Ralphs Supermarkets Inc. will have to pay a higher interest rate on a new $470 million bank loan, following the cancellation last week of a proposed stock offering.

The bank financing, led by Bankers Trust Co., was conditioned on Ralphs' ability to raise at least $70 million through an initial public offering of stock. Ralphs pulled the offering last Tuesday, citing weak market conditions, but said it wanted to proceed with other aspects of a broad recapitalization.

Without the infusion of new equity, Ralphs' interest coverage ratio will be lower than was anticipated when the pricing of the new bank loans was originally set.

A Rise of 25 Basis Points

Also, there will be less junior capital - equity plus subordinated debt - to serve as a cushion beneath the senior bank loans. As a result, the borrowing rate has been ratcheted up to 275 basis points over the London interbank offered rate, an increase of 25 basis points. The fees for the co-agents also go up 25 basis points.

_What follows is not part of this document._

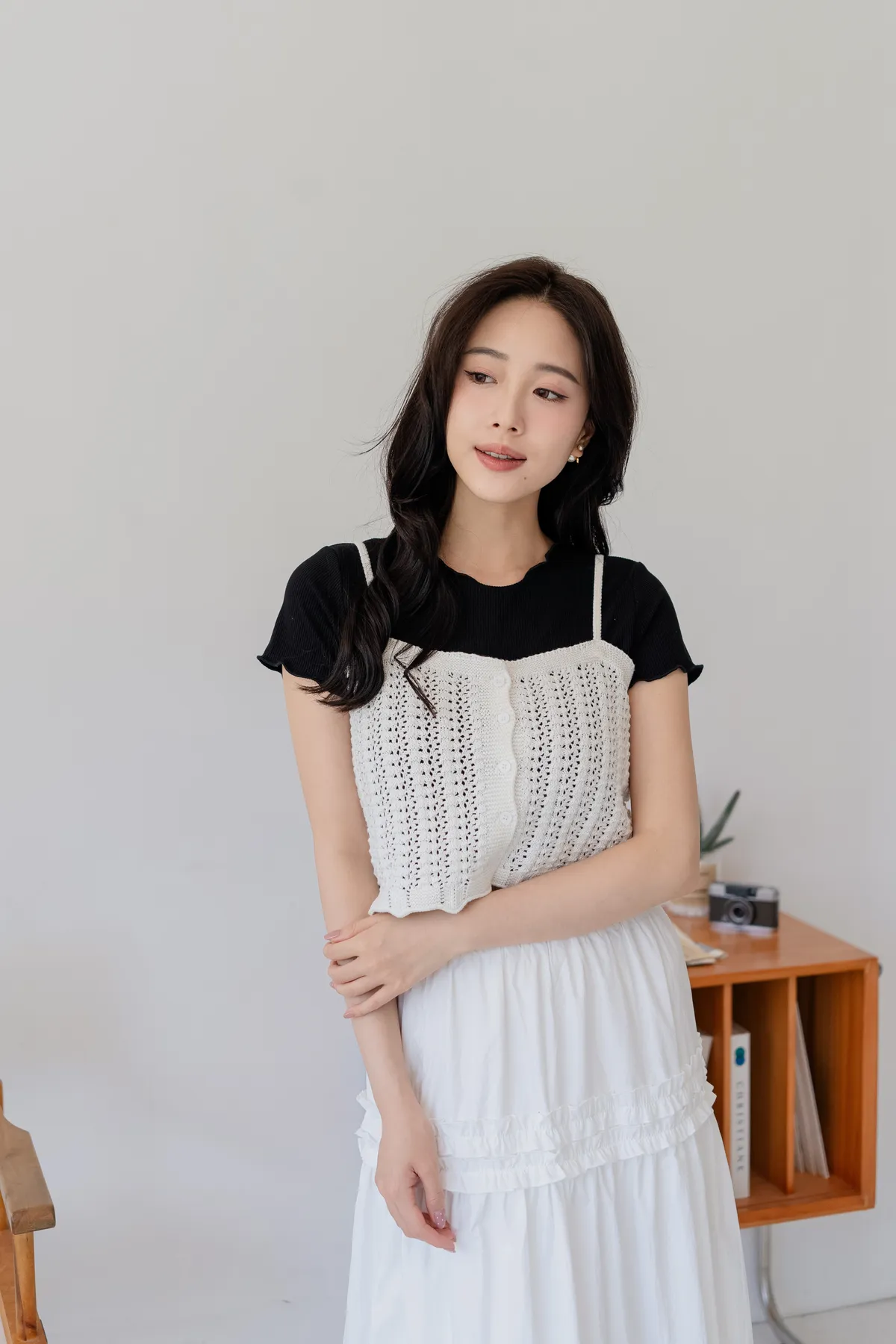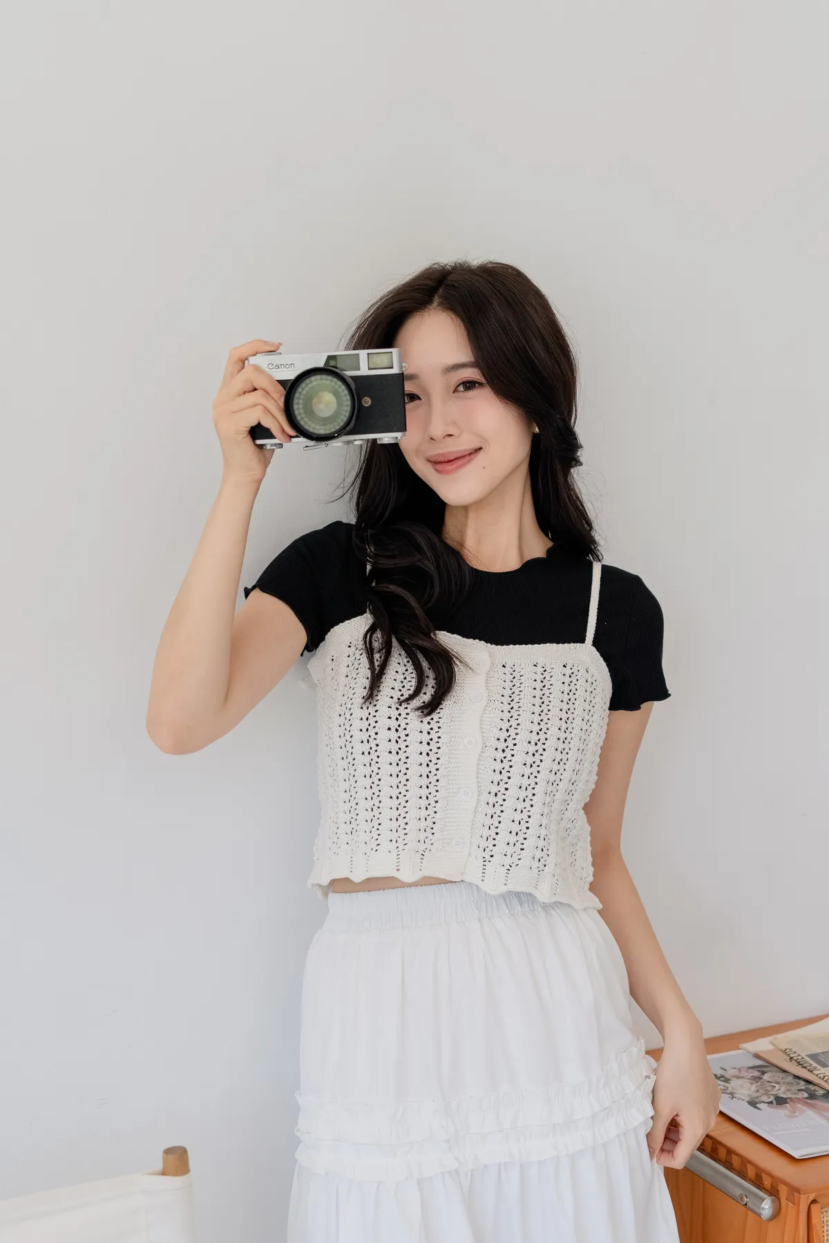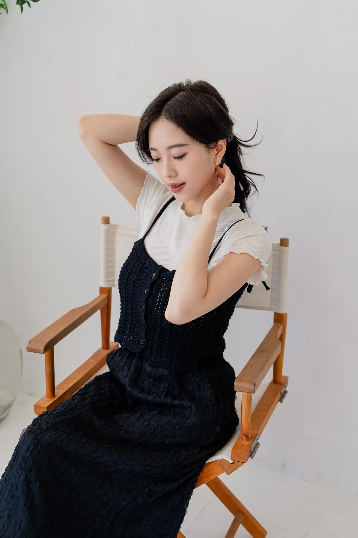 商品資訊:細緻的鏤空編織設計,帶出自然的呼吸感與夏日的輕盈氛圍;排釦點綴則增添細節層次,讓基本單品也能展現精緻感。

The new bank loans, along with proceeds from a $300 million note offering, will be used to refinance $273 million of existing bank debt, and to repurchase the company's 14% subordinated debentures. Ralphs is still saddled with high-cost debt stemming from a 1988 leveraged buyout of the Los Angeles grocery chain by now-defunct Campeau Corp.

Unlike some other failed stock offerings, including that of Dr Pepper/Seven-Up Cos., the Ralphs offering represented a fairly small portion of the company's recapitalization.

Dr Pepper's entire recapitalization, including a new $750 million bank loan, had to be scrubbed after the company pulled a $600 million stock offering. Bankers Trust also was lead bank on the canceled Dr Pepper deal.

Co-Agents to Decide

As of midday Friday, at least one of the co-agents of the Ralphs bank credit had agreed to the terms of the recast deal. The others were expected to decide by the end of the day.

The co-agents are: Chase Manhattan Bank, Long Term Credit Bank, Pilgrim Prime Rate Trust, and Nippon Credit Bank. Bank of America also helped underwrite the loan as lead manager.

New term sheets will be distributed later to banks that participated in the general syndicate.

Apart from the pricing, there is no change in the size of the credit, or the amortization schedule.

The bank financing consists of a $350 million term loan and a $120 million revolver.